• [EXTRACTED RECORDS]
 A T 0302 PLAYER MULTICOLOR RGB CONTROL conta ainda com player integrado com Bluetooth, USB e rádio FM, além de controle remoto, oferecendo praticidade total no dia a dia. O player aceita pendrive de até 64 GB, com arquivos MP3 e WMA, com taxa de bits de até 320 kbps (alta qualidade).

--

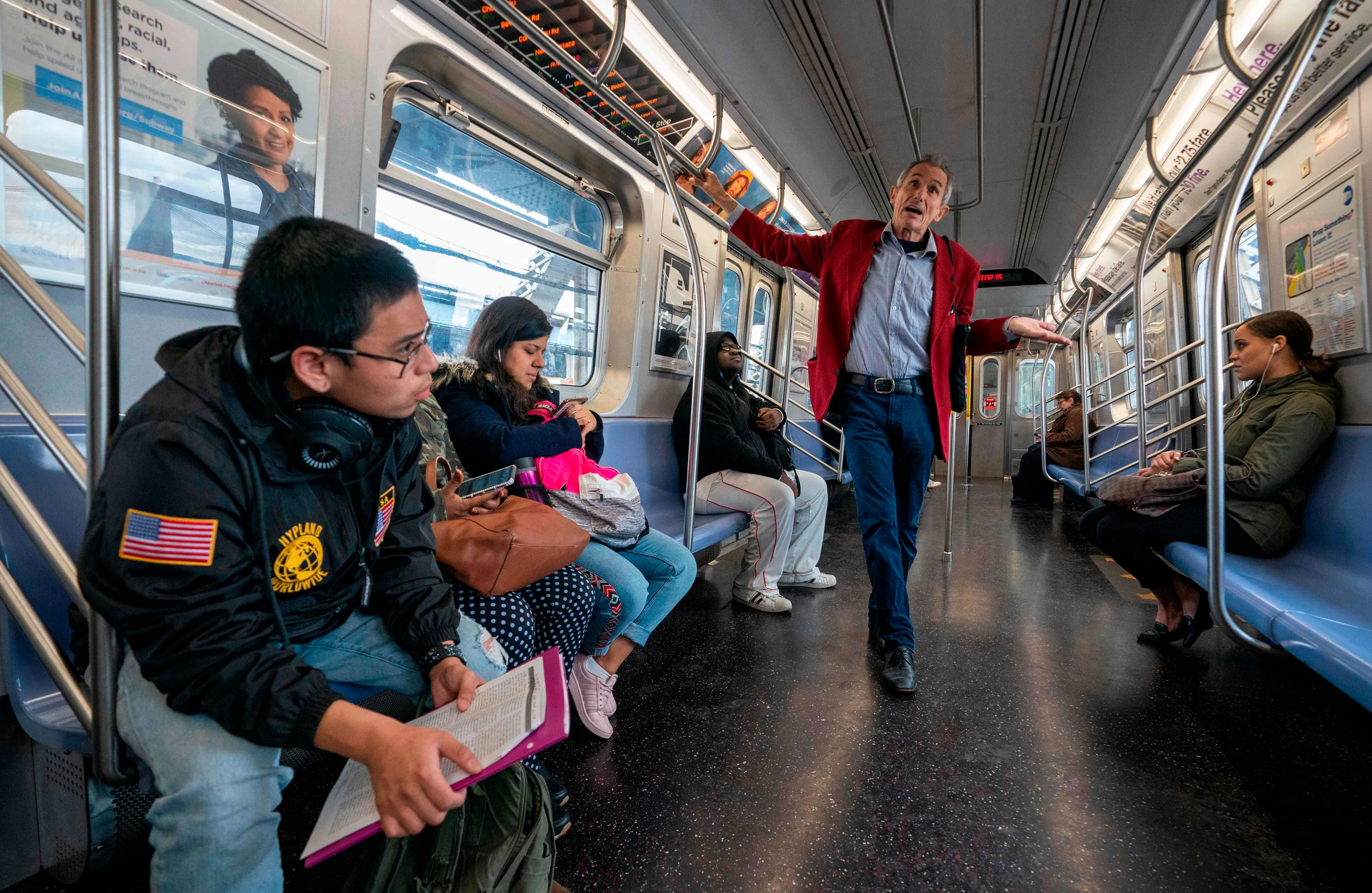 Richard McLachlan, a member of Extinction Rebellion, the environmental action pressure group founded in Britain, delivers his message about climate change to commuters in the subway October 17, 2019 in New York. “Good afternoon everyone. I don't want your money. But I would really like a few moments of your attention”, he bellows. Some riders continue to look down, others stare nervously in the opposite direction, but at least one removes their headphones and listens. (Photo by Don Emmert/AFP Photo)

...

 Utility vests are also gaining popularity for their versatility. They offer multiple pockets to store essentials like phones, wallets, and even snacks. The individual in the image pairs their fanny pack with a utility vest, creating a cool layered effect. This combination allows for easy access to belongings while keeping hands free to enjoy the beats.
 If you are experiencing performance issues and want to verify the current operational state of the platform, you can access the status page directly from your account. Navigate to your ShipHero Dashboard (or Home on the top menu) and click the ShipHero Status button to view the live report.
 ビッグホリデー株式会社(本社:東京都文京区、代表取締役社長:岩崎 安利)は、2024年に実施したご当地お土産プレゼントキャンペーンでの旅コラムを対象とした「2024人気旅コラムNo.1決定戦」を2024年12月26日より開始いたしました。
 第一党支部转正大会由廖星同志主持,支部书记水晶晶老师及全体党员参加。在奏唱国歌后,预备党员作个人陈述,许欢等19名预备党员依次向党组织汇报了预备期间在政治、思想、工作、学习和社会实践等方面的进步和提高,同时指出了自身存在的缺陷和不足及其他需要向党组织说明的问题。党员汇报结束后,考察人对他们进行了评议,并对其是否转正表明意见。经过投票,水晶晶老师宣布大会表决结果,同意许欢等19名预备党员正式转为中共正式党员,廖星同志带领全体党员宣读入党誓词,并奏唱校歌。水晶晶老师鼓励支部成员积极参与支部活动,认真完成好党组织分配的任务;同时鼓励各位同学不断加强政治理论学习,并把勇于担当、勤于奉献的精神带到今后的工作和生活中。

• [WORK REQUEST]
Please, from the material above, copy only the lines from the line with "If you are experiencing" up to and including the line with "ビッグホリデー株式会社(本社", exactly as written.

• [SOLUTION BELOW]
 If you are experiencing performance issues and want to verify the current operational state of the platform, you can access the status page directly from your account. Navigate to your ShipHero Dashboard (or Home on the top menu) and click the ShipHero Status button to view the live report.
 ビッグホリデー株式会社(本社:東京都文京区、代表取締役社長:岩崎 安利)は、2024年に実施したご当地お土産プレゼントキャンペーンでの旅コラムを対象とした「2024人気旅コラムNo.1決定戦」を2024年12月26日より開始いたしました。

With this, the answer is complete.